What was I trying to prove?
Mountains had always been tricky. Terrain that looked familiar could change within a few steps and a different angle. Ravines were always deeper, or ridges higher, or summits hid other bigger summits. But getting knocked down a peg didn't feel great—not on an empty stomach. It spurred bigger questions I wanted to answer even less.
Did I really want this for the rest of my life?
Devin stood at the edge of the narrow stream we’d followed all day, hands on his hips. Deepening lines of concern cluttered his face now. At some point, it seemed like one of us should have pointed out the obvious—this stream wasn’t going to empty into a lake. Looking back, I couldn’t pinpoint a single moment that seemed like the best time to make that call.
"We're going to run out of water," I said.
My throat felt dry from the hot air all day long. It baked off the rocks and surrounded us in a sticky, hot embrace.
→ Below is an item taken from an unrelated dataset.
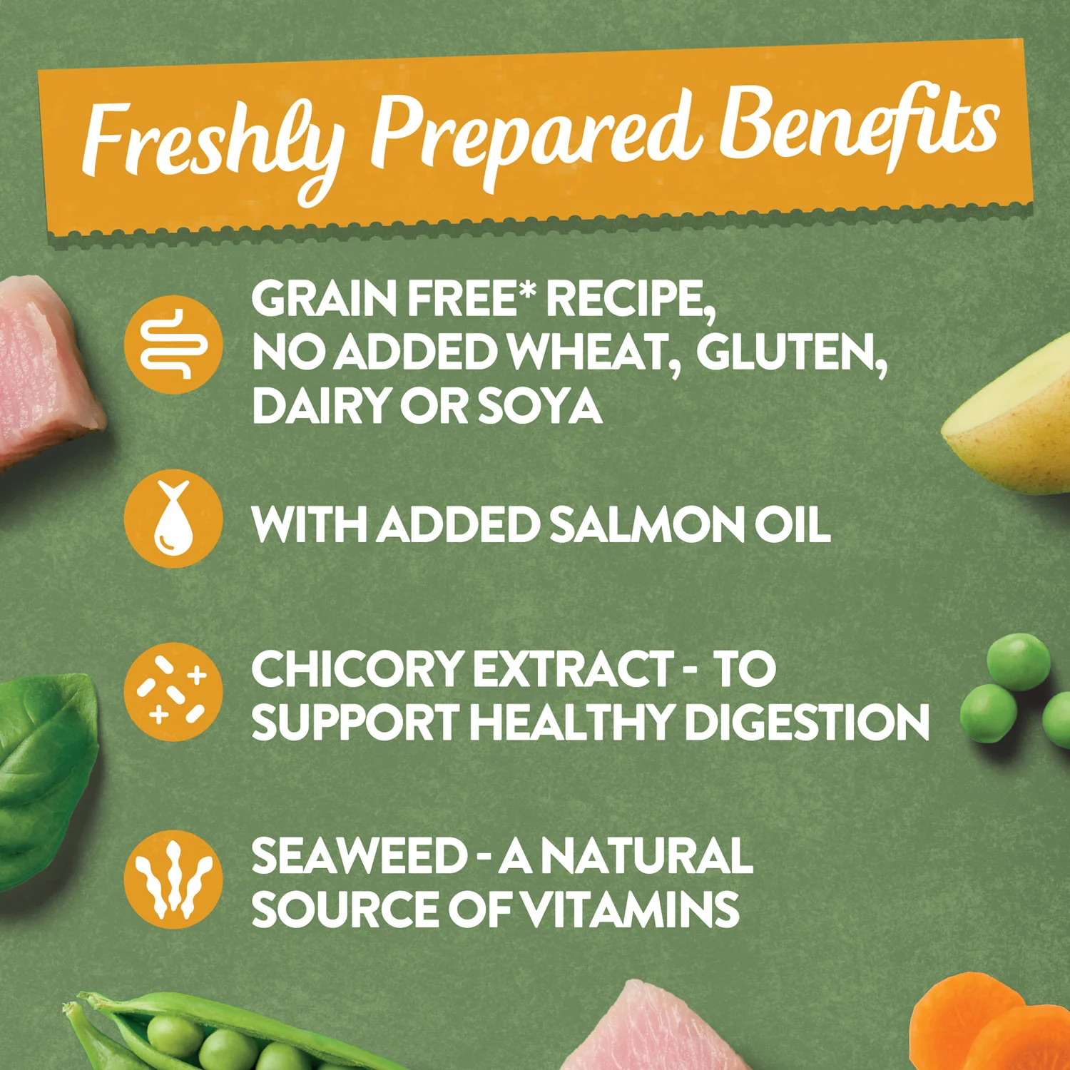 Harringtons tray-cooked dinners offer a delightful and healthy diet for dogs. Natural, wholesome ingredients are combined with added vitamins and minerals for a nutritionally balanced meal. A grain-free recipe ensures suitability for dogs with sensitive digestion. Freshly prepared meat, gently cooked using the unique FreshCook process, locks in nutrition and flavour. Complete, natural, and utterly delicious, these dinners contain no artificial additives. The hypoallergenic recipe is easy to digest and free from wheat, dairy, soya, and pork. Pre-biotics support gut health, and salmon oil promotes a healthy skin and coat, providing comprehensive care.

We'd slowed significantly the past several hours, and I tried to convince myself it was to conserve strength, not for utter lack of energy. The last time we'd eaten had been at lunch yesterday, so we wouldn’t die of starvation soon.
It just felt like it.
Devin didn't say anything, just changed his gaze to stare out at the trees. Usually, by now, we could expect to see some sign of the reservoir in the distance. That alone would tell us where to go, but all we faced now were hills of craggy rocks and a thick forest.
Where had we gone wrong?
The question lingered in the air between us, which had grown with tension the last several hours. Perhaps he blamed himself while I blamed myself and, meanwhile, neither of us really knew where to go. While we didn't argue, our friendly questions and banter had long since quit, and we spoke in single-word replies more often than not. Devin's occasional mumble to himself set me on edge. Was he slipping into a hallucination the way he warned me? But when I tuned in, it always ended up a mutter about a shoelace that wouldn’t stay tied.
"I think we should stay here," I said as I struggled to sit on a boulder. I put my head in my hands and relished the lack of movement. "We sleep and recover for the night, then make the decision on what to do next in the morning."
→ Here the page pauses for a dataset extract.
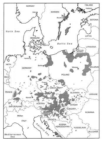 Det finnes to subtyper av TBE-virus – en østlig variant, som opptrer i de asiatiske deler av Russland, og en vestlig variant, som opptrer i Sentral- og Øst-Europa (2). I absolutte tall har Russland flest sykdomstilfeller, fulgt av Latvia, Tsjekkia, Slovenia og Ungarn. Østerrike, der det tidligere var mange tilfeller, har nå lavere insidens som følge av vaksinasjon (3). Høy prevalens av sykdommen er det også i Finland, Slovakia, Tyskland, Sveits og de fleste land på Balkan. En oversikt over endemisk forekomst av TBE-virus er vist i figur 1 (4).

His jaw tightened. “That is one option,” he said in a diplomatic tone that meant he didn’t like it. “But if you can push through, I think we should go farther. There's a chance . . ."
He faded away. A chance that we’d find something other than this? The same backdrop we’d stared at for days now? Not knowing what to say, I let the conversation drop. We sat there for several more minutes before he dropped next to me on the boulder like a bag of rocks.
"I just want to get out of here," he said.
"Me too."
"Then let's keep walking on this path and see where it takes us."
I groaned. My feet already felt like splitting apart and so did my legs. Sleep would at least take me away from the gnawing hunger and anxiety of our unknown location. Another hour of walking would only take us into the exact same terrain and hopelessness we'd wandered into all day.
“Disagree,” I said with equal firmness. “We're tired, lost, and I don't think we should make decisions right now."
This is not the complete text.